Maison Usher
Ainsi nous nous tenons debout devant la grande baie vitrée, face à la ville plongée dans la pénombre.
Devant nous, les tours de la mégalopole tombent les unes après les autres. Nous sommes dans la séquence finale de Fight Club et assistons en silence à la chute des piliers du capitalisme financier.
L'effondrement de ces buildings-là nous laisse muets, comme celui des tours du World Trade Center nous avait arraché des cris et des larmes. Ici pas de victimes sautant des fenêtres éclatées, pas de corps brûlés dans les nappes de kérosène en flamme, pas d'appels d'adieu sur des téléphones mobiles bientôt vaporisés dans le souffle des explosions.
Cet effondrement-là est silencieux, aussi immatériel dans sa chute que l'ont été les fondations de sa gloire. Personne ne pleure ceux qui, la veille, clamaient qu'on devait leur laisser faire du profit sans la moindre contrainte et qui, à présent, quémandent sans dignité l'aide de ceux-là même qu'ils ont ruiné et exproprié.
Nous regardons tomber les tours de marbre les unes après les autres, impavides.
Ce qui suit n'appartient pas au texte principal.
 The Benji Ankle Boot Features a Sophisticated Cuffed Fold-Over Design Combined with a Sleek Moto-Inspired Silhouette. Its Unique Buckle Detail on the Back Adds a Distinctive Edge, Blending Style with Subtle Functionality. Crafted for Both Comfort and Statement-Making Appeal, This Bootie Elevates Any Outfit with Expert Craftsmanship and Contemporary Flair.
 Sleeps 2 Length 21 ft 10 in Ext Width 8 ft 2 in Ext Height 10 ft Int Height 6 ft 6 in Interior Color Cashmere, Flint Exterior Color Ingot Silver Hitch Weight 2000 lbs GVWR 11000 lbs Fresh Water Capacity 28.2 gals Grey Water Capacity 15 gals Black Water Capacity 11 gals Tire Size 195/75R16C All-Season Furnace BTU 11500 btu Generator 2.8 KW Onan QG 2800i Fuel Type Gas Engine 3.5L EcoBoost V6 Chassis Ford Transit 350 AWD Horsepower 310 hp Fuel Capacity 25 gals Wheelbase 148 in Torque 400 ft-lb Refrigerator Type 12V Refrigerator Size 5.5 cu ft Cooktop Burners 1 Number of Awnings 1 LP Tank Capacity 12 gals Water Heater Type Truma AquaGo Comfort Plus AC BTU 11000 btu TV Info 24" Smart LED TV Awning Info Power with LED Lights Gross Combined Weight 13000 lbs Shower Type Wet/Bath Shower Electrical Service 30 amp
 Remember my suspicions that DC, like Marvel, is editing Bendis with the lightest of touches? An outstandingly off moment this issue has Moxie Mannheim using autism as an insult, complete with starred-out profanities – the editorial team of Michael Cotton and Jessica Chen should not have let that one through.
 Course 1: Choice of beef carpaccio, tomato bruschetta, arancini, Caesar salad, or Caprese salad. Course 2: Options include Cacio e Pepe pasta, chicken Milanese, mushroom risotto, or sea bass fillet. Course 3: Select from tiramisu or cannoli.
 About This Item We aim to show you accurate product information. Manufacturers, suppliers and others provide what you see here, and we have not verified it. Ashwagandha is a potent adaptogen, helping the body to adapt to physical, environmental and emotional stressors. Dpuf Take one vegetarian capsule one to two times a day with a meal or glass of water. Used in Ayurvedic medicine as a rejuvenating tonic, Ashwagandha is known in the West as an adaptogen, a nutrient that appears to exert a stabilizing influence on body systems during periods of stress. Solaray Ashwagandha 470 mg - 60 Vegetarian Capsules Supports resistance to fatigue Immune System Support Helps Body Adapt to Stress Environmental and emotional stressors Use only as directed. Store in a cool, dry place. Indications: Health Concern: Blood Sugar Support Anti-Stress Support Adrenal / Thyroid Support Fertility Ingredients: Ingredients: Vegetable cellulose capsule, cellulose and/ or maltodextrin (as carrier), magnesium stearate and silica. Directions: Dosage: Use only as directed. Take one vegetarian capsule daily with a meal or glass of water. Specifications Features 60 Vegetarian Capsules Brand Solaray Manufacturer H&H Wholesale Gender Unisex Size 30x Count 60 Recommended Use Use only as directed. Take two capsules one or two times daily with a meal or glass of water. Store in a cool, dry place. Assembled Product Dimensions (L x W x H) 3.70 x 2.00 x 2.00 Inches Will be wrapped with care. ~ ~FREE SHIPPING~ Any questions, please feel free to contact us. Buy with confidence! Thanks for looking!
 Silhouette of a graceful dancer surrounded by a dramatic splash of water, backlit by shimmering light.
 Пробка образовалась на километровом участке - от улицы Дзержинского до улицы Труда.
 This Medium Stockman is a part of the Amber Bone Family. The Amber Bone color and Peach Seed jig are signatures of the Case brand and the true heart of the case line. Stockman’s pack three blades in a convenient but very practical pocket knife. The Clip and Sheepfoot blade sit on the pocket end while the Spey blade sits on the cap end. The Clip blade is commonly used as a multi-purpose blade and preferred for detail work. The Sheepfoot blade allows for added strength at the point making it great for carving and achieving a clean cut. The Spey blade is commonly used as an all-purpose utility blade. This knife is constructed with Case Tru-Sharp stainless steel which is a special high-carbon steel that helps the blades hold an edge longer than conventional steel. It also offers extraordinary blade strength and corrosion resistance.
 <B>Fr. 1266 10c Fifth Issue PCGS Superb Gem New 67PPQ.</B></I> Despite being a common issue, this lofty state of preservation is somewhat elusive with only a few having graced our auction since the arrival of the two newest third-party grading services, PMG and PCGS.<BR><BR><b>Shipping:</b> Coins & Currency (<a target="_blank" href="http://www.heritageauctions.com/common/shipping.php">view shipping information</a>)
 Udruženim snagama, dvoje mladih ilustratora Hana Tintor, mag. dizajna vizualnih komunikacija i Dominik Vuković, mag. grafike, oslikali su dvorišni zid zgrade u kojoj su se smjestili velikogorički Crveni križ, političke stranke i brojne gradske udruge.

Seuls quelques-uns se réjouissent, inconscients du fait qu'ils se tiennent eux-mêmes debout sous les tours. Sous peu les premiers éclats de métal tomberont, sous peu les premiers morceaux de chairs seront arrachés aux os, sous peu les premiers cris retentiront.
Nous regardons les tours tomber, étrangement étrangers à tous cela, à ceux qui souffrent la-haut. Nous ne disons rien, nous ne poussons aucun cri de victoire car nous savons au fond de nous-même que cette victoire-là nous laissera un goût de cendres dans la bouche.
Nous regardons les tours tomber en sachant que la chute de celles-ci n'est pas le triomphe de ceux-là, que la tumeur parasite est devenue si grosse que son ablation entraînerait la mort de l'organisme.
Nous regarderons les tours tomber en silence et déjà assistons aux premières alliances, aux premières reconstructions. Les tours s'épaulent les unes aux autres, vacillent et s'adossent à leurs voisines.
Ces tours-là chutent. Elles ne s'effondrent jamais totalement.